[Start of Attachment]

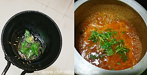 - Temper the above ingredients. Add to chutney and boil the tomato chutney for few minutes. Remove when thick. Garnish with coriander leaves.
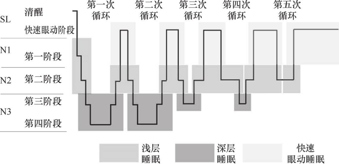 ,并对每个阶段的脑电波进行了命名。他们还发现睡眠的五个阶段并非完全按顺序切换的,阶段切换有可能是内源性刺激的结果(见图1-8)。这首次揭示了睡眠不是简单的全身休息,而是有很多脑部活动的特殊状态。
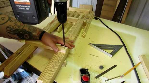 En primer lugar, usted necesitará apoyo las piernas interiores donde se encuentran en la parte superior. Lo hicimos colocando un bloque entre ellos y luego pegar y apretándolos juntos.
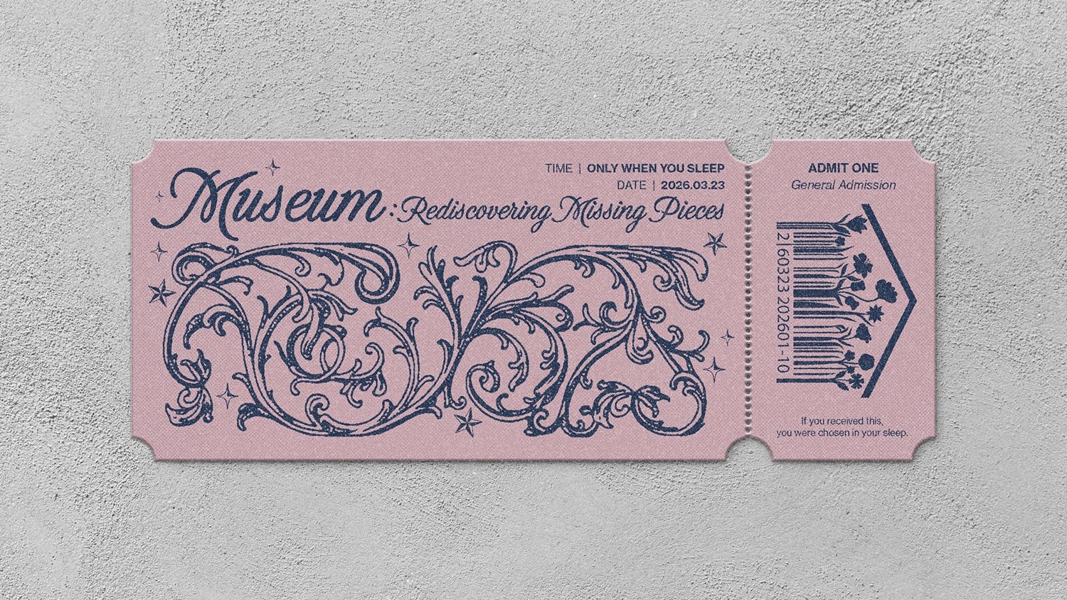 티켓에는 데뷔 타이틀곡명인 ‘MUSEUM’(뮤지엄)이 선명하게 새겨졌다. 현실에서 누구나 소중히 간직했던 잃어버린 꿈의 조각들을 꿈속 세상에 전시한다는 서정적인 이야기를 예고하며 보는 이들의 감성을 자극한다.
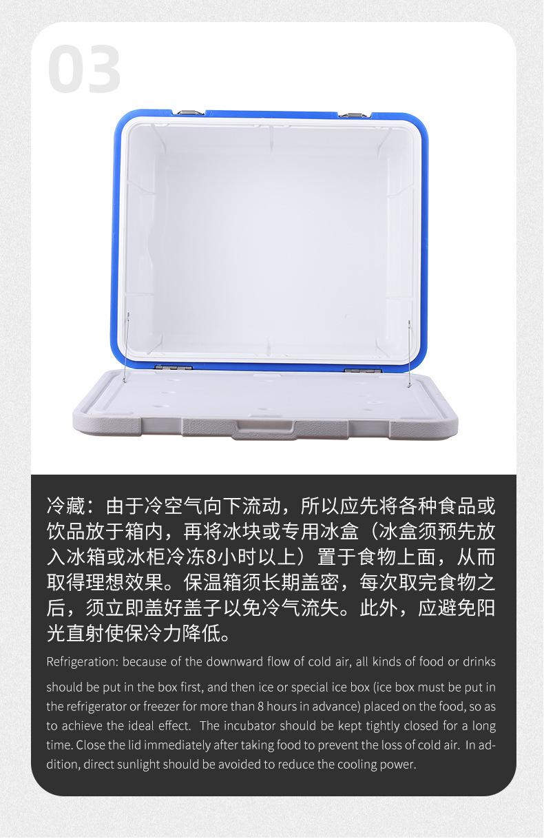 3Refrigeración: Dado que el aire frío fluye hacia abajo, primero debe poner todo tipo de alimentos o bebidas en la caja, y luego poner cubitos de hielo o cajas de hielo especiales (las cajas de hielo deben meterse en el refrigerador o congelador con antelación)8La incubadora debe mantenerse bien cerrada durante mucho tiempo. Después de sacar los alimentos, la tapa debe cerrarse inmediatamente para evitar la pérdida de aire frío. Además, debe mantenerse alejada de la luz solar directa para reducir el efecto de enfriamiento.
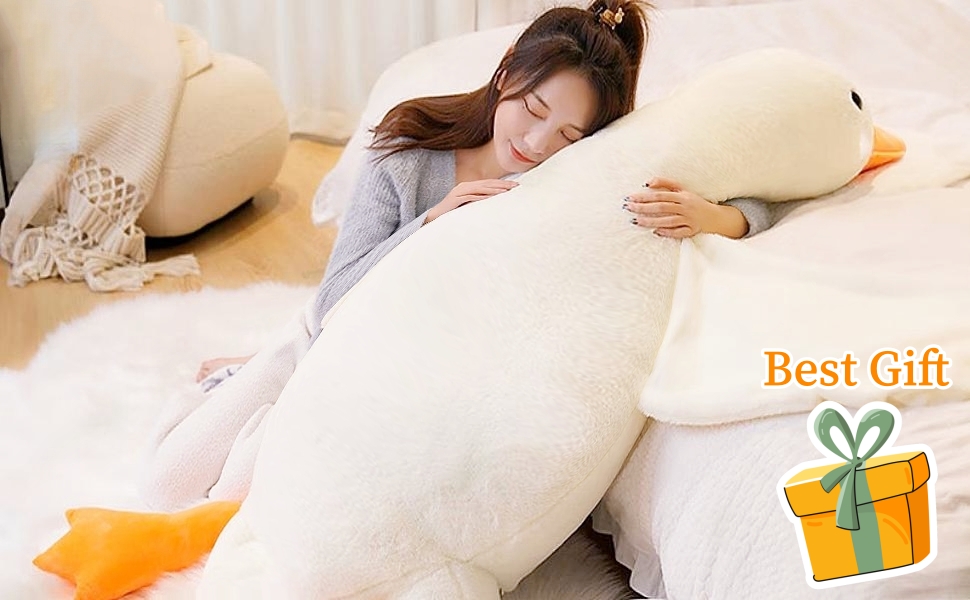 - 3.【Enjoy Comfortable】:The big white goose stuffed toy symbolizes purity, beauty and warmth. When you come home from a day's work to snuggle with the white goose, relax your neck and back, to bring you happy moments
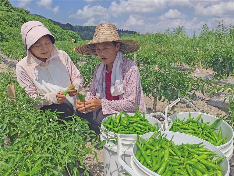 8月22日,保靖縣碗米坡鎮白云山村的辣椒基地里,基地負責人吳阿芬(左)正在與采摘人員交流。今年來,白云山村開荒種植了約200畝樟樹港辣椒,帶動近百人長期就業。因當地海拔高、生態好,種出的辣椒香甜可口,在高端市場大受追捧,供不應求。 團結報全媒體記者 朱開朗 攝
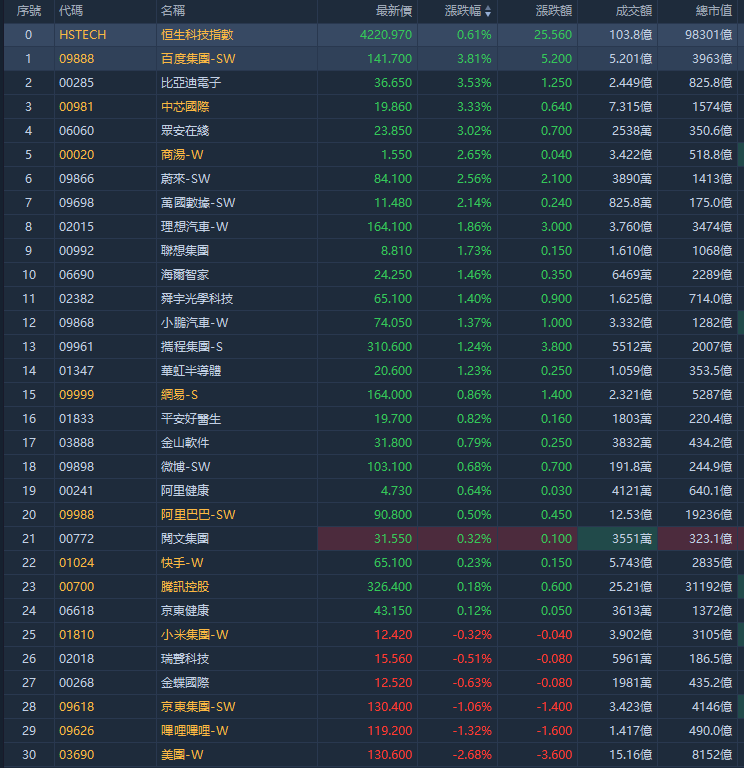 AI概念股领涨科技股,百度集团-sw涨近4%,商汤-W涨2.65%。
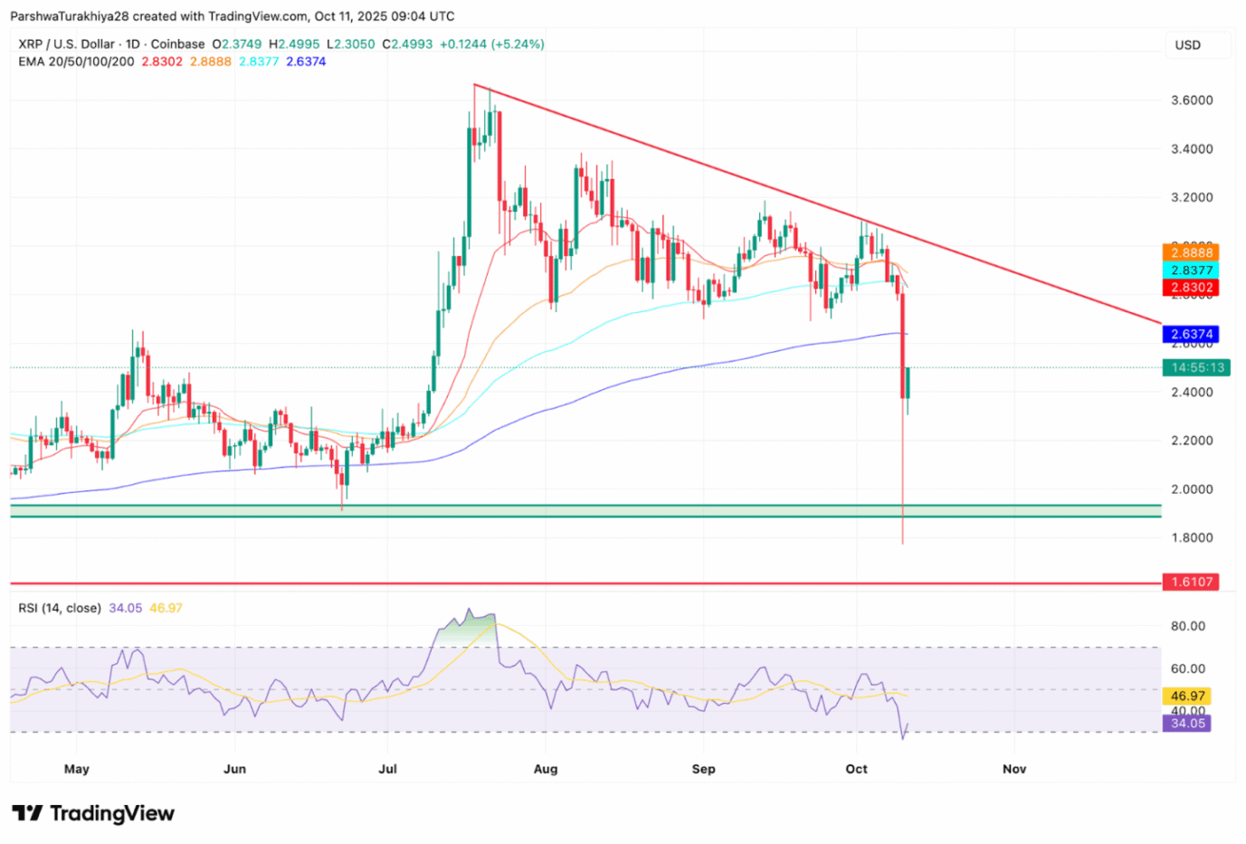XRP news reports of the crash yesterday exposed how vulnerable even high-profile cryptos are to forced liquidations. XRP dropped from ~$2.82 to a floor at $1.64, before recovering to the mid $2s, with futures open interest collapsing by $150 million in that brutal session.

[End of Attachment]

REQUIRED ACTION -> Word for word, restate the lines from the one containing "3Refrigeración: Dado que" through the end of the entries. Do not include pictures.

TASK RESULT ->
 3Refrigeración: Dado que el aire frío fluye hacia abajo, primero debe poner todo tipo de alimentos o bebidas en la caja, y luego poner cubitos de hielo o cajas de hielo especiales (las cajas de hielo deben meterse en el refrigerador o congelador con antelación)8La incubadora debe mantenerse bien cerrada durante mucho tiempo. Después de sacar los alimentos, la tapa debe cerrarse inmediatamente para evitar la pérdida de aire frío. Además, debe mantenerse alejada de la luz solar directa para reducir el efecto de enfriamiento.
 - 3.【Enjoy Comfortable】:The big white goose stuffed toy symbolizes purity, beauty and warmth. When you come home from a day's work to snuggle with the white goose, relax your neck and back, to bring you happy moments
 8月22日,保靖縣碗米坡鎮白云山村的辣椒基地里,基地負責人吳阿芬(左)正在與采摘人員交流。今年來,白云山村開荒種植了約200畝樟樹港辣椒,帶動近百人長期就業。因當地海拔高、生態好,種出的辣椒香甜可口,在高端市場大受追捧,供不應求。 團結報全媒體記者 朱開朗 攝
 AI概念股领涨科技股,百度集团-sw涨近4%,商汤-W涨2.65%。
XRP news reports of the crash yesterday exposed how vulnerable even high-profile cryptos are to forced liquidations. XRP dropped from ~$2.82 to a floor at $1.64, before recovering to the mid $2s, with futures open interest collapsing by $150 million in that brutal session.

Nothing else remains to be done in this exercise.